Task item: Would you reproduce the whole listing exactly, minus its images?

Data shown:
----------

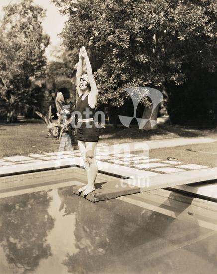 990_05_3-Sport-Swim-D_11HR Hollywood, California: c. 1924 Warner Brothers movie actress Patsy Ruth Miller exhibits her perfect form at the end of a diving board.
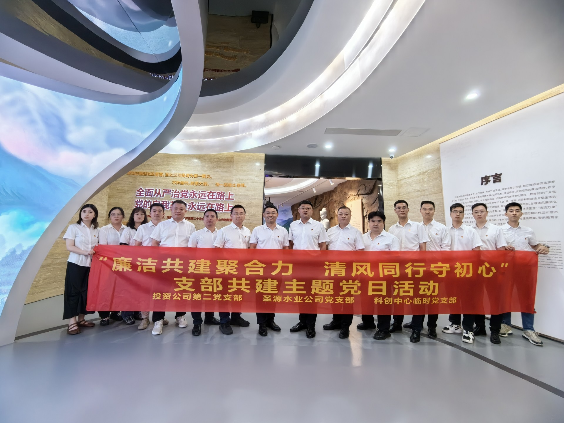 為落實公司黨委關(guān)于開展基層黨組織結(jié)對共建活動的有關(guān)要求,共同促進黨紀學(xué)習教育聯(lián)學(xué)共進,6月27日,投資公司第二黨支部、圣源水業(yè)公司黨支部、科創(chuàng)中心臨時黨支部帶領(lǐng)全體黨員赴四川省都江堰水利發(fā)展中心“古堰清風”廉潔文化館開展主題黨日活動。
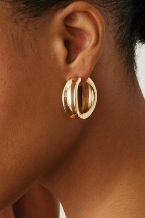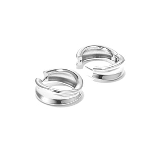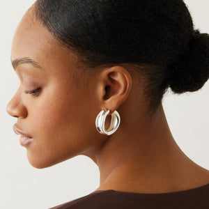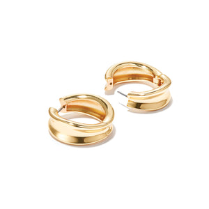 A pair of hoops with sculptural curves and a high-impact finish. Despite their bold body, they are lightweight, thanks to a hollowed out design. They open and close with a hinge, so you’ll never have to search for an earring back again. Pull back hinge gently to open. Push to lock onto post and listen for a "click" to ensure it's locked properly. Finished in high-polish gold or sterling silver.
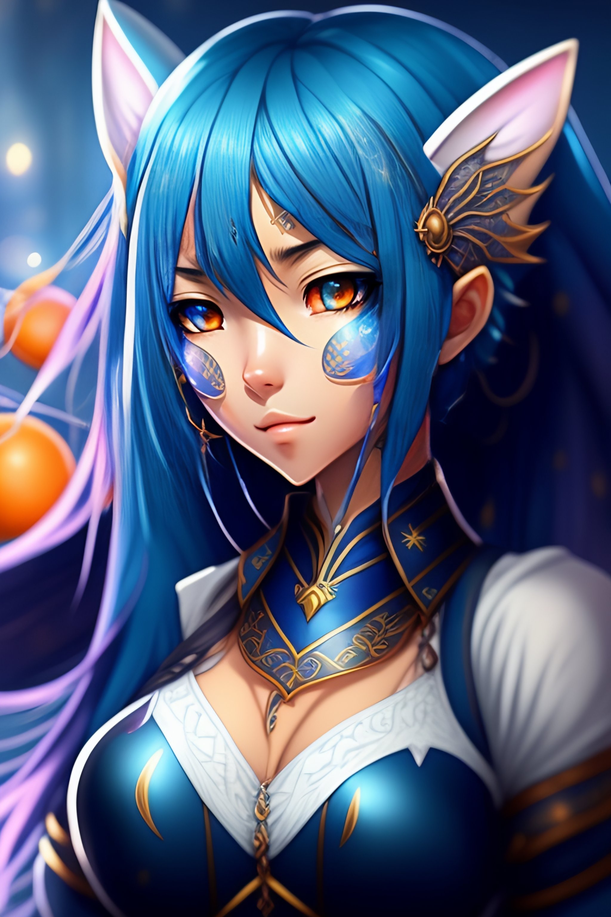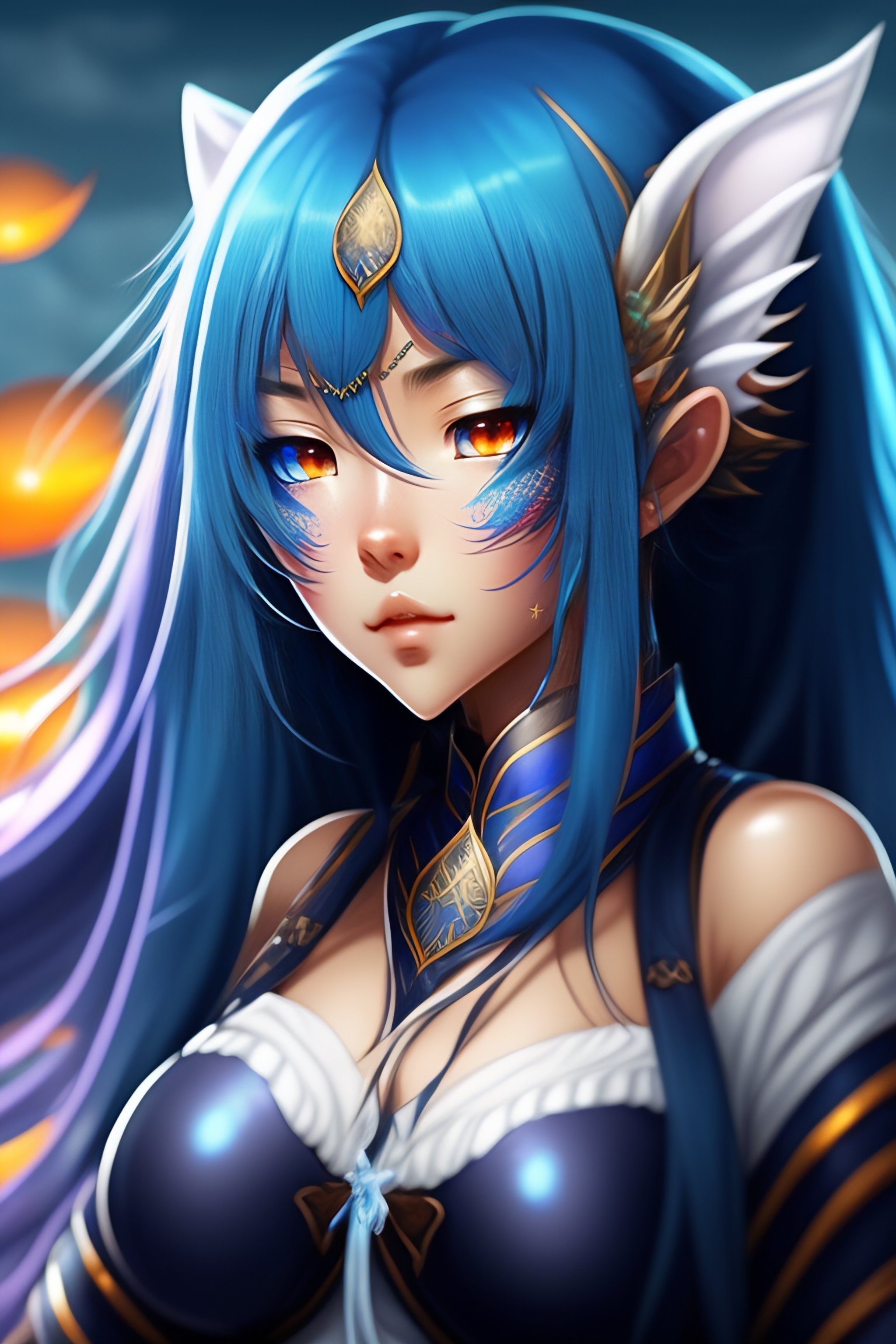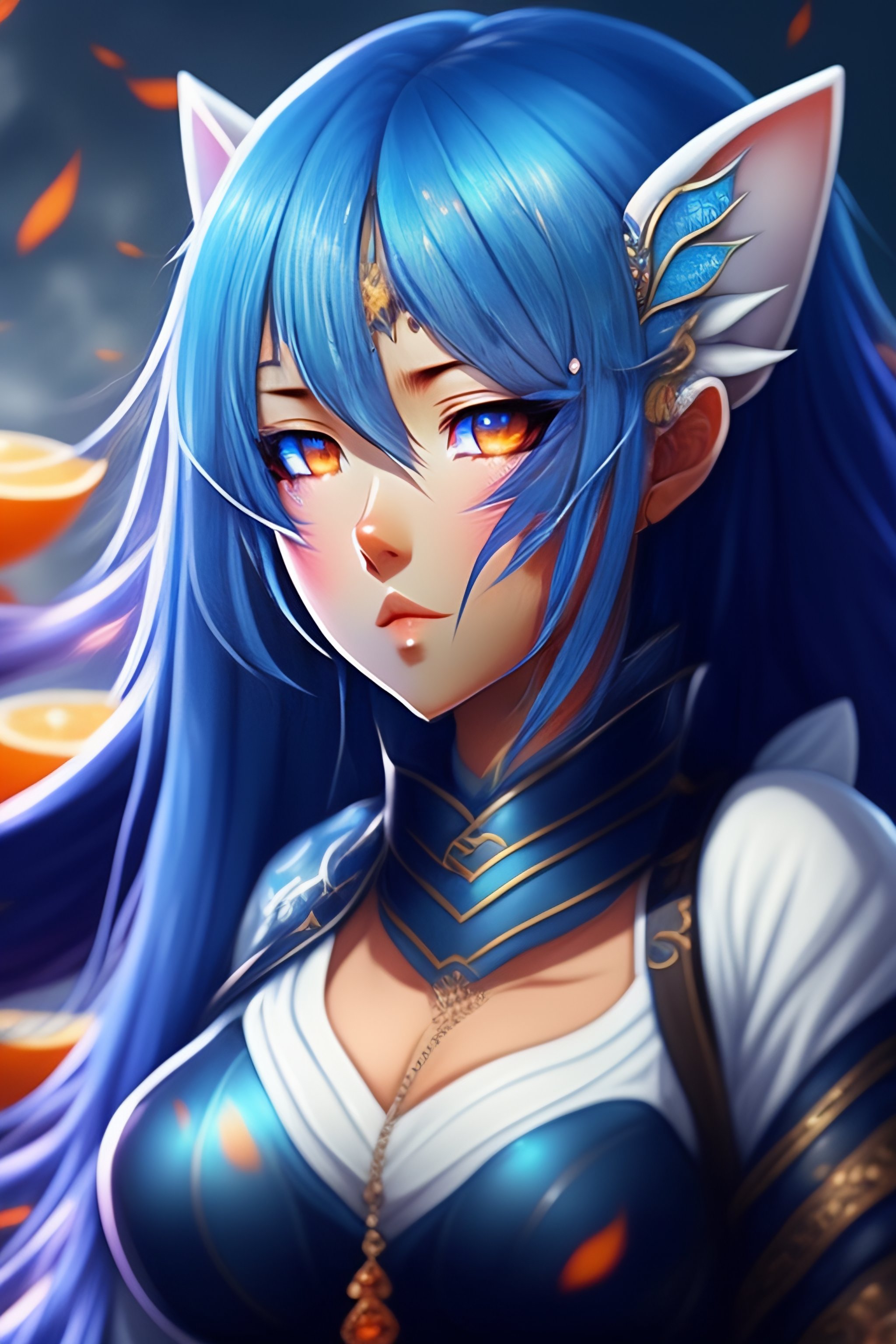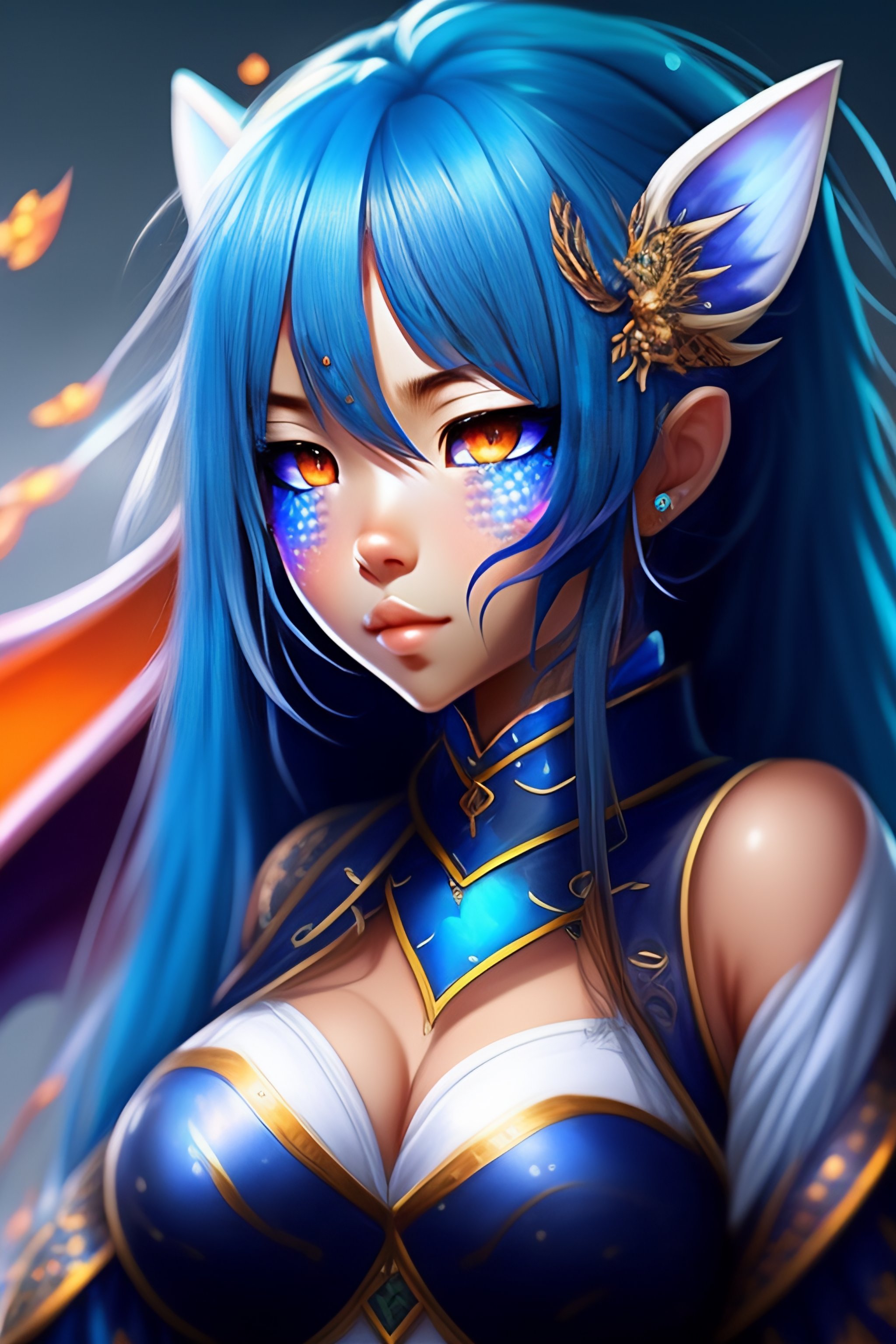 Anime, dragon girl, dark skin, blue hair, blue dragon scales, fin ears, dragon wings, braided hair, orange skin, cat eyes

----------

Output for this exercise:
 990_05_3-Sport-Swim-D_11HR Hollywood, California: c. 1924 Warner Brothers movie actress Patsy Ruth Miller exhibits her perfect form at the end of a diving board.
 為落實公司黨委關(guān)于開展基層黨組織結(jié)對共建活動的有關(guān)要求,共同促進黨紀學(xué)習教育聯(lián)學(xué)共進,6月27日,投資公司第二黨支部、圣源水業(yè)公司黨支部、科創(chuàng)中心臨時黨支部帶領(lǐng)全體黨員赴四川省都江堰水利發(fā)展中心“古堰清風”廉潔文化館開展主題黨日活動。
 A pair of hoops with sculptural curves and a high-impact finish. Despite their bold body, they are lightweight, thanks to a hollowed out design. They open and close with a hinge, so you’ll never have to search for an earring back again. Pull back hinge gently to open. Push to lock onto post and listen for a "click" to ensure it's locked properly. Finished in high-polish gold or sterling silver.
 Anime, dragon girl, dark skin, blue hair, blue dragon scales, fin ears, dragon wings, braided hair, orange skin, cat eyes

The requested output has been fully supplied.